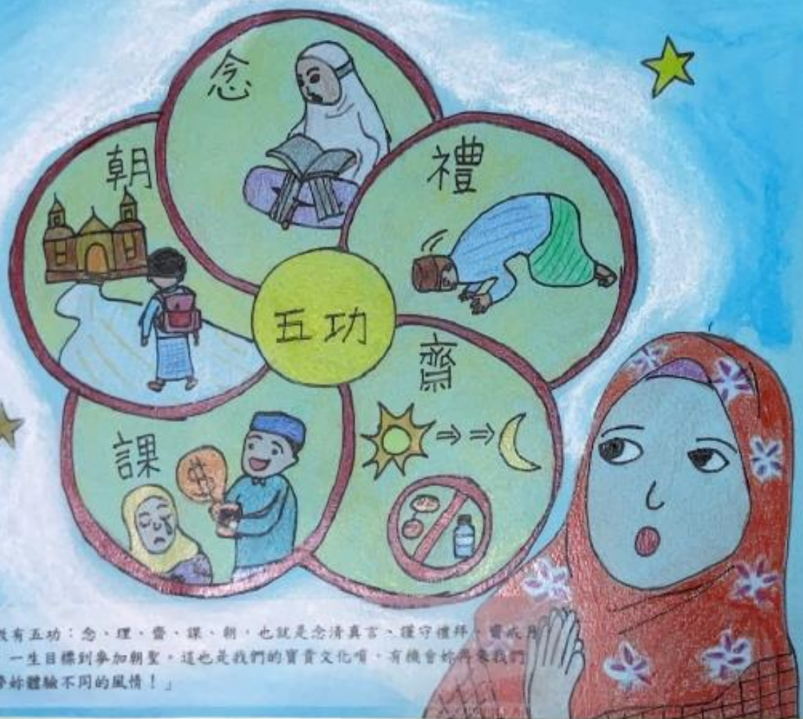
伊斯蘭教有五功：念、禮、齋、課、朝，也就是念清真言、謹守禮拜、實戒月 施捨和一生目標到參加朝聖。這也是我們的寶貴文化呀，有機會給再來我們 國家，帶妳體驗不同的風情！」
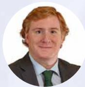
Ignacio Gragera Alcalde de Badajoz
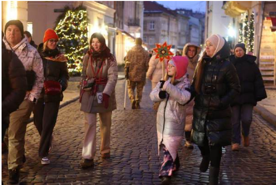
Рис. 4.2. Велика різдвяна екскурсія/Львівська міська рада [31]

Серед нових та запланованих маршрутів виділяється Camino Ruteno: Чортків — Львів, піший та веломаршрут, створений за моделлю відомого паломницького шляху Camino de Santiago. Крім того, впроваджуються меморіальні маршрути, присвячені Ірині Фаріон («Контур особистости на мапі Львова») та проєкту «Личаків. Там, де мовчать і говорять».
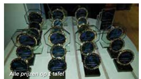
Alle prijzen op 1 tafel
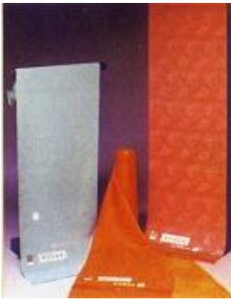
とうきょうむじぞめ ③③ 東京無地染

江戸幕府により、町人は派手な色の着物を着ることを禁じられ、茶色や鼠色など無地染の着物が普段着になりました。“粋”を好む江戸の町人は、同じ色でも風合いなどを工夫し、「四十八茶百鼠」と言われるほど、様々な種類の色を作りだしました。
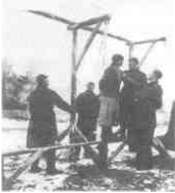
Борьба с партизанами в действии
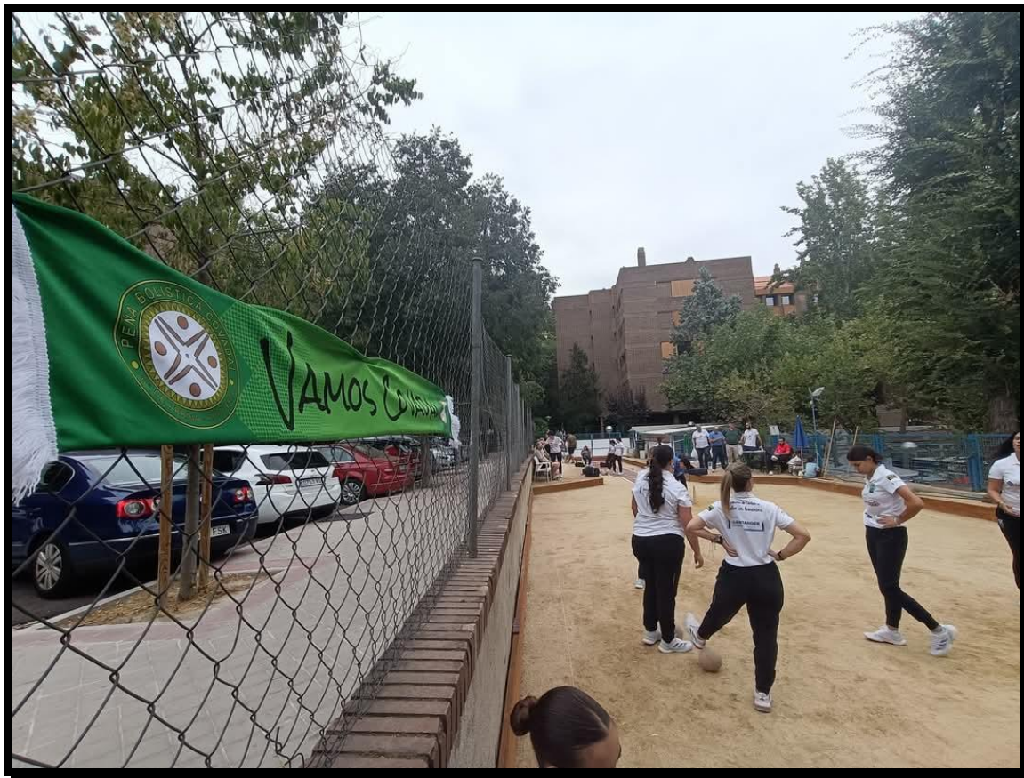
Cuartos: P.B Peñacastillo – P.B Covadal
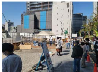
権利者の方を対象にモルック
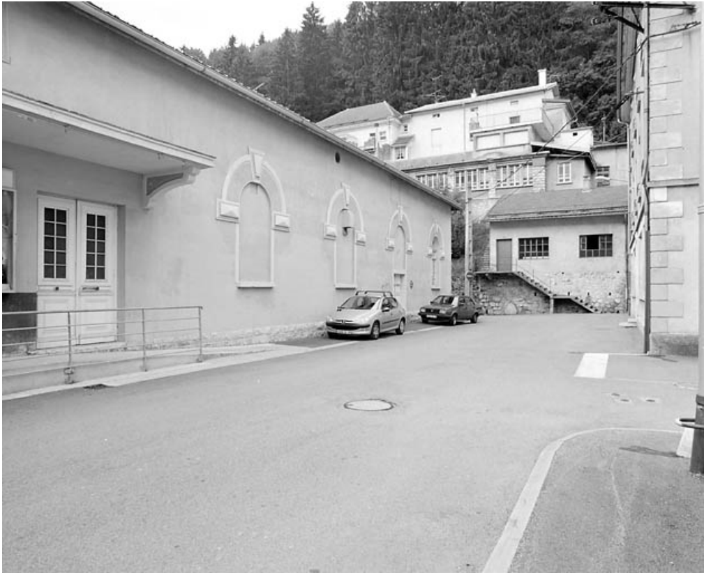
Élévation antérieure, de trois quarts gauche.
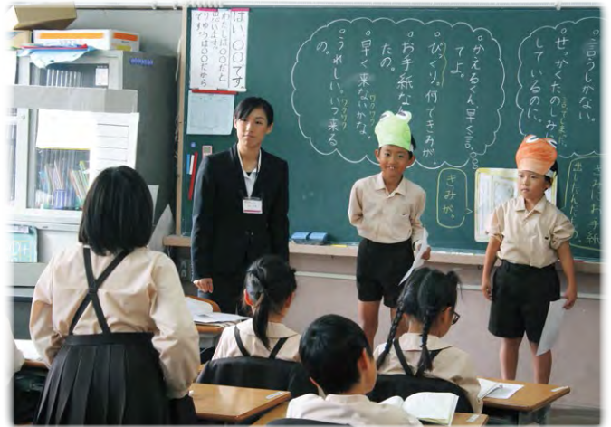
学ぶ意欲を高める若手教員の授業づくり(田原本小学校)
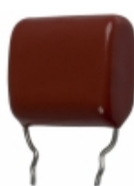
ECQ-P1H334GZW Panasonic Electronic Components CAP FILM 0.33UF 2% 50VDC RADIAL
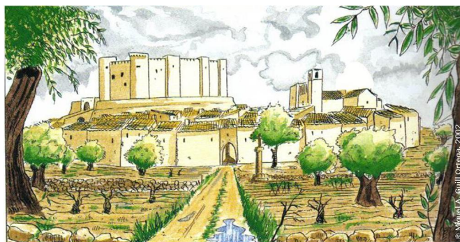
Vista panorámica de la villa de Elda a finales del siglo XVI

etc.) solían terminar con la muerte de algunos de los contendientes por el uso habitual de cuchillos, navajas y espadas que portaban los contendientes a tan temprana edad. Así, en dicha crida aparece recogida la referencia al menos 4 muertes por arma blanca en peleas juveniles. Por todo ello, y en pos del buen gobierno y la paz en la villa, Gaspar Remiro prohibió, de forma taxativa, el uso de cuchillos, navajas y espadas a los menores de 18 años. Crida o bando que el pregonero municipal , precedido por el sonido de su trompetín, debió leer en las plazas y calles de la villa para conocimiento de todos los eldenses, tanto moriscos como cristianos viejos. Normativa de convivencia ciudadana que entraba en vigor tras la lectura pública por el pregonero.
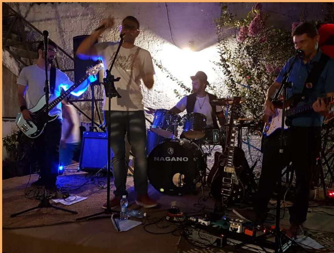
Tributo a Raul Seixas | Sobral, 2018
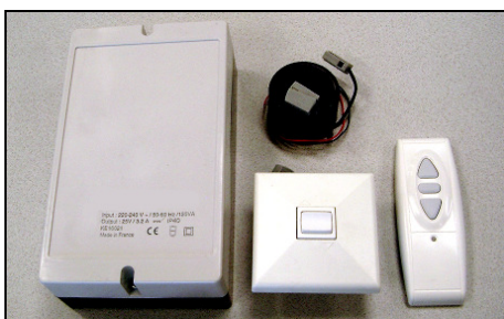
Automatisation, Schalter mit integriertem Trafo, etc
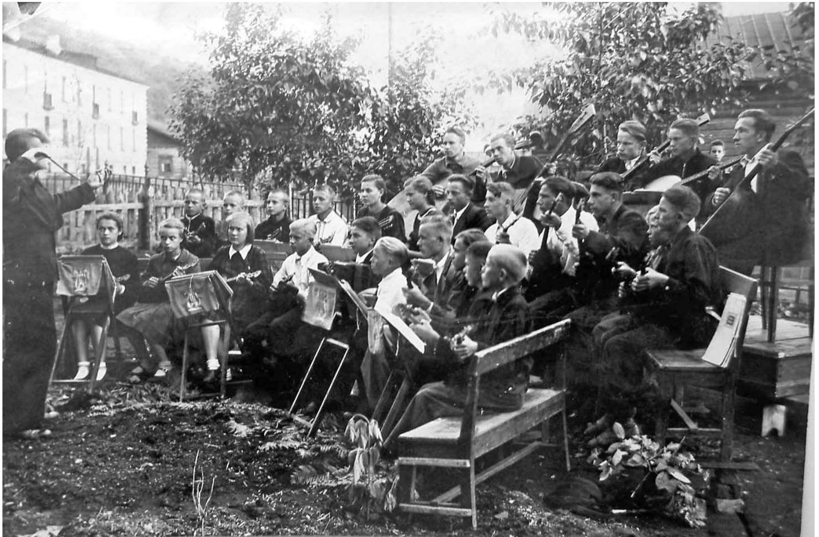
Так начинался оркестр. 1947 г.
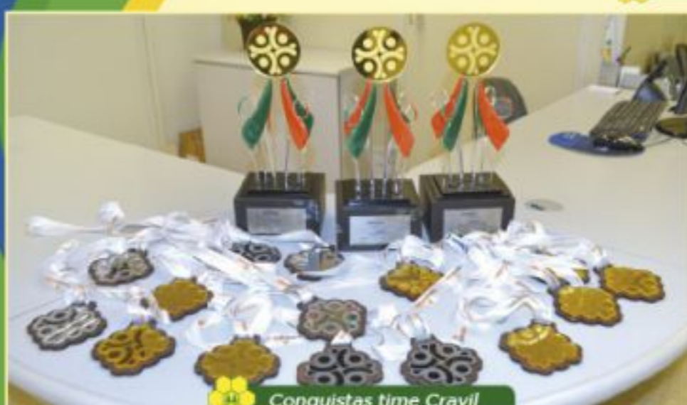
Conquistas time Cravil

··········

Exercise requirements: Copy each line of the records that contains the word "villa".

Response to this task:
Vista panorámica de la villa de Elda a finales del siglo XVI
etc.) solían terminar con la muerte de algunos de los contendientes por el uso habitual de cuchillos, navajas y espadas que portaban los contendientes a tan temprana edad. Así, en dicha crida aparece recogida la referencia al menos 4 muertes por arma blanca en peleas juveniles. Por todo ello, y en pos del buen gobierno y la paz en la villa, Gaspar Remiro prohibió, de forma taxativa, el uso de cuchillos, navajas y espadas a los menores de 18 años. Crida o bando que el pregonero municipal , precedido por el sonido de su trompetín, debió leer en las plazas y calles de la villa para conocimiento de todos los eldenses, tanto moriscos como cristianos viejos. Normativa de convivencia ciudadana que entraba en vigor tras la lectura pública por el pregonero.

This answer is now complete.